By Li Gu and Casey Hall
SHANGHAI (Reuters) – A slew of smaller Chinese gaming companies have announced share buybacks – plans seen as an attempt to reassure investors after the market was spooked by regulatory moves to clamp down on consumer spending on games.
Last Friday, regulators published draft rules that would ban online games from giving players rewards if they log in every day, if they spend on a game for the first time or if they spend several times on a game consecutively. All are common incentive mechanisms in online games.
That sent shares in gaming companies plunging and as of Monday evening eight companies had unveiled plans to buy back shares worth up to 780 million yuan ($110 million) combined, citing confidence in China’s gaming industry and the need to protect investors.

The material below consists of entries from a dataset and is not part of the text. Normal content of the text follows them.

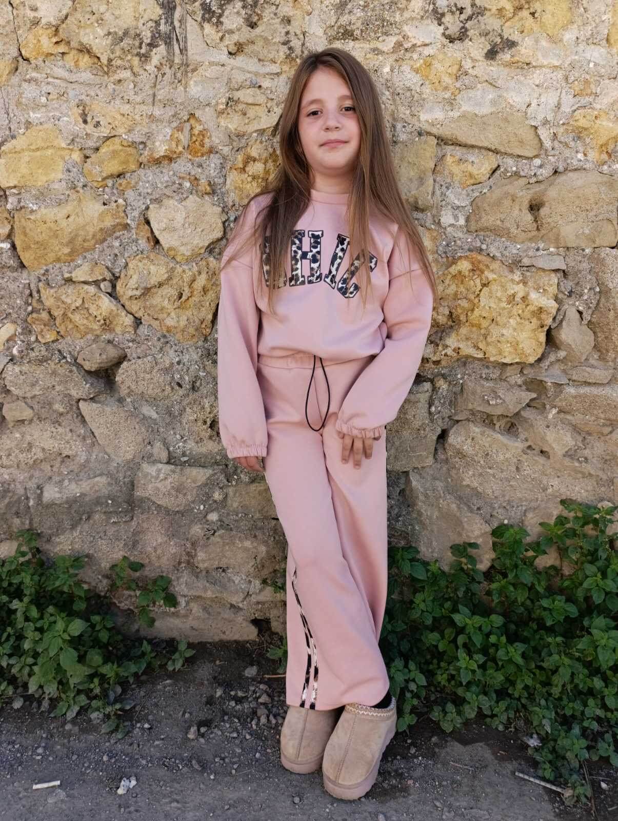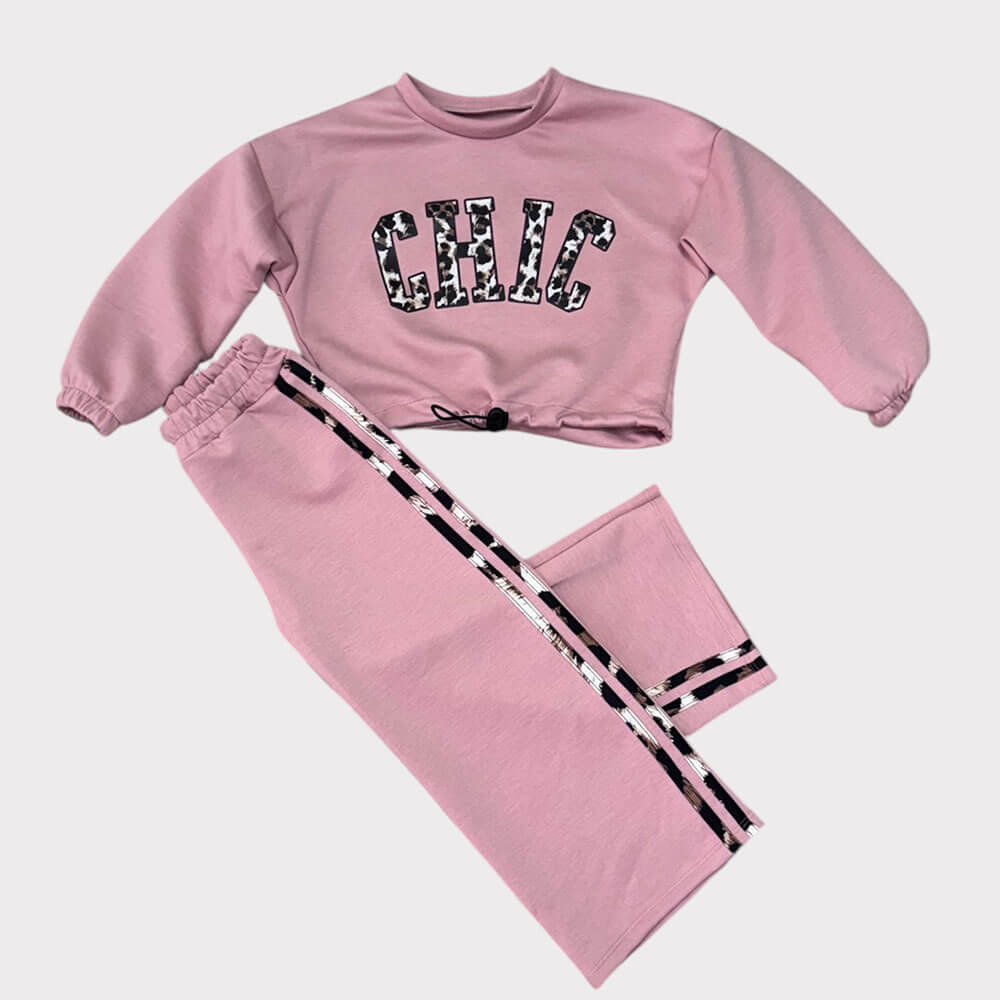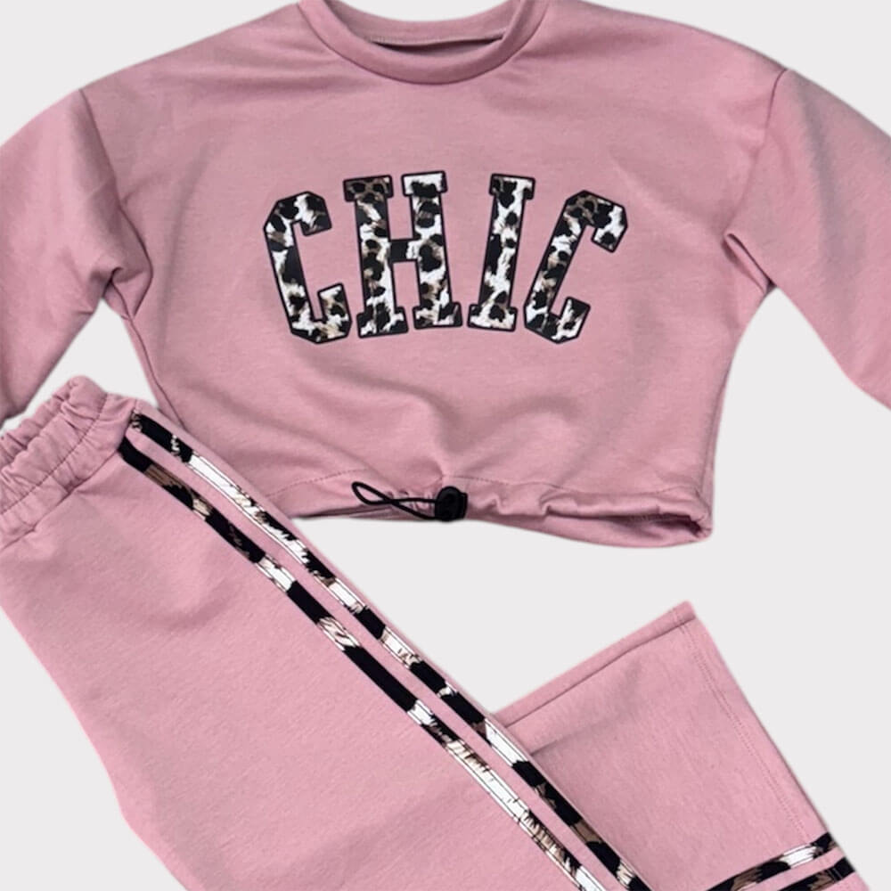 Παιδικό σετ φόρμας κορίτσι σε ροζ απόχρωση με cropped φούτερ “CHIC” και άνετο παντελόνι με ρίγα στο πλάι. Τέλειο για σχολείο και παιχνίδι.
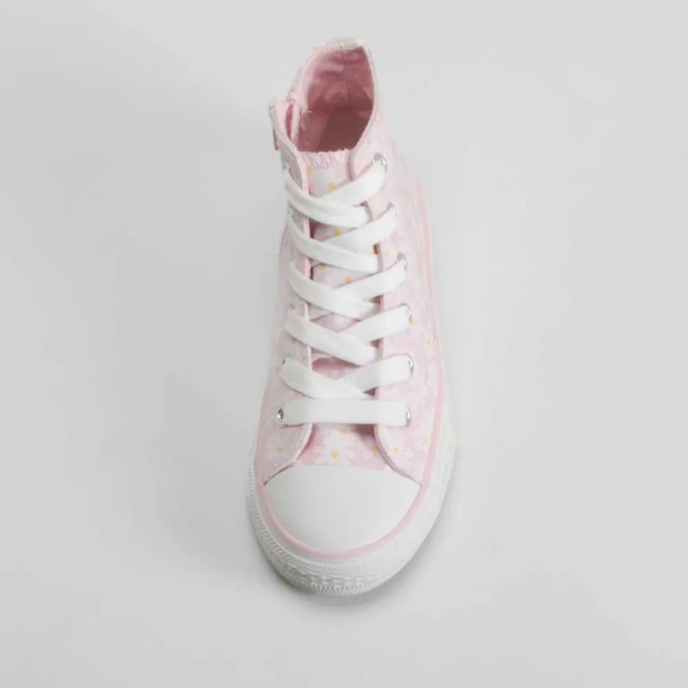 Zapatilla alta de lona margaritas rosa OH GIRL
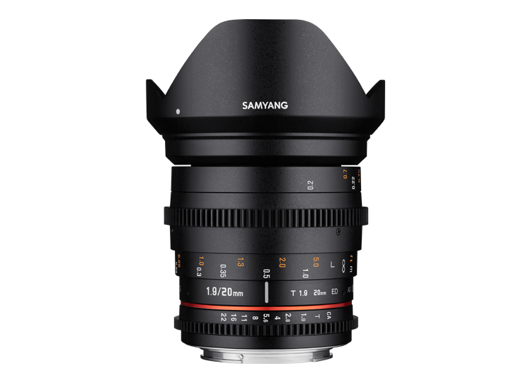 El Samyang 20 mm T1.9 ED AS UMC es un objetivo gran angular básico de cine con enfoque manual para cámaras réflex digitales con sensor de formato completo. El flujo de luz se ha diseñado teniendo en cuenta la distancia única entre el cristal y el sensor de las cámaras sin espejo, con el fin de lograr un rendimiento óptimo.
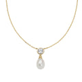 Collana in argento 925 dorato, pendente con zircone punto luce taglio rotondo e perla a goccia di 7 mm. In totale, il charm è 1,7 cm, mentre la lunghezza della catena è regolabile da 40 a 45 cm con chiusura a moschettone e catenina di allungo.
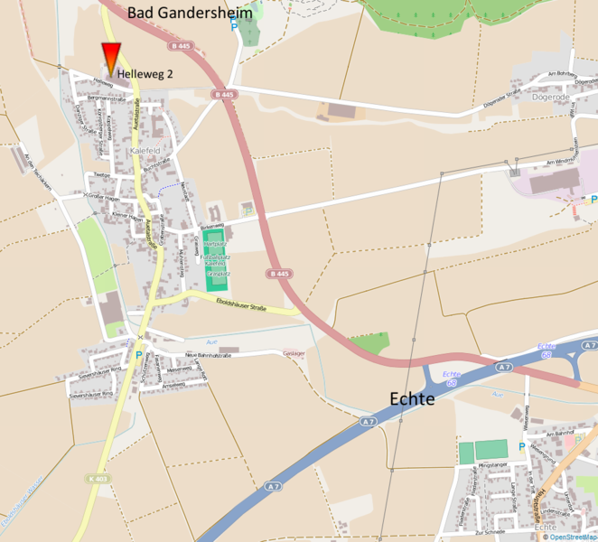 Nehmen Sie die 1. Ausfahrt der Ortsumgehung Kalefeld. Nach 300 m (Helleweg / Spedition Freise) sehen Sie rechts das Firmenschild.
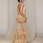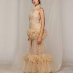 Capture ethereal grace with Natacha Van's Ivory Halter Ruffle Gown. This stunning design showcases a halter neckline with cascading ruffles and a flowing train, blending delicate elegance with bold flair. Perfect for wedding receptions or upscale galas, its lightweight fabric and intricate detailing create a timeless masterpiece.

The buyback announcements come on the heels of an apparent softening in stance by China’s video game regulator – the National Press and Publication Administration – which released a statement on Saturday saying the government would further improve the proposed rules after “earnestly studying” public views.
And on Monday, it approved new licenses for 105 domestic online games for December – a move that some analysts said “strongly demonstrated” that authorities remain supportive of the development of online games.
The plans for buybacks served at best to stabilise share prices.
Among them, Shanghai-listed G-bits Network Technology Xiamen saw its shares rise 3% by Tuesday afternoon after losing 13% over the previous two trading days. Shenzhen-listed Perfect World Co fell roughly 2% after tumbling 14% over the past two days.
The publication of the draft rules sparked fears that regulators were once again cracking down heavily on the sector. The industry has only just returned to growth this year following the end of an extended clampdown in 2021 and 2022.
It remains to be seen how shares of Tencent Holdings, the world’s biggest gaming company and its closest rival, NetEase, will fare this week after the apparent softening in stance from the regulator.
The two Hong Kong-listed firms lost a combined $80 billion in market value on Friday. Hong Kong markets have been shut for the Christmas long weekend and will reopen on Wednesday.